Mais vingt-quatre heures plus tard, elle la demanda. Il est vrai qu’elle avait perdu la tête. Ses souvenirs remontaient bien loin. Marguerite était une écolière au tablier de lustrine, aux doigts tachés d’encre. Ce fut la petite-fille d’autrefois qui reçut le baiser de l’aïeule.

— Tout est fini, dit Annette en portant une main à ses yeux.

La grand’mère était morte, en effet. On mit entre ses doigts usés un rameau de printemps. Mme Sableux, prévenue en hâte, vint s’agenouiller au chevet de sa vieille amie. Elle disait là, dans l’atmosphère de la mort, des chapelets émus et interminables.

— La pauvre femme, disait Mme Malézieux à Mme Ternaux, c’était une brave créature ! Mais, pour la petite, il vaut mieux que les choses s’arrangent de cette façon-là.

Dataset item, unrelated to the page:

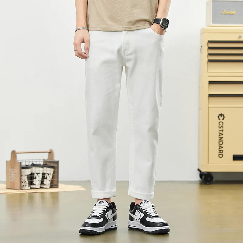 White Summer Thin Denim Trendy Slim Fit Loose Casual Stretch Pants

Annette, elle, pleurait sincèrement. Elle n’avait pas l’âge où l’esprit raisonne. Les conséquences de l’événement ne la touchaient guère. Elle était toute à sa douleur. Elle revoyait les beaux yeux et les cheveux d’argent de maman Fridaine. Le son de sa voix lui mouillait la gorge.

Tout Beaumont vint à l’enterrement. C’était un de ces jours clairs, merveilleux où le ciel vibre au-dessus des toits comme un étendard. Un froufrou de pigeons emplissait les rues. L’humble char avec ses quatre couronnes d’immortelles d’or oscillait lentement sur le pavé gris. On pénétra dans le cimetière, qui reposait au pied du coteau.

— Oui, disait Marguerite à M. Lecocq, je comprends que ma sœur ait un grand chagrin. Moi, ce n’est pas la même chose… Elle a été trop dure pour nous.

Elle souriait à son enfant qui courait dans l’herbe. Des moucherons formaient un dôme vibrant au-dessus des rosiers. La bière fut descendue, puis les assistants jetèrent l’eau bénite dans le trou béant. Annette était tombée à genoux. Elle sanglotait dans son mouchoir.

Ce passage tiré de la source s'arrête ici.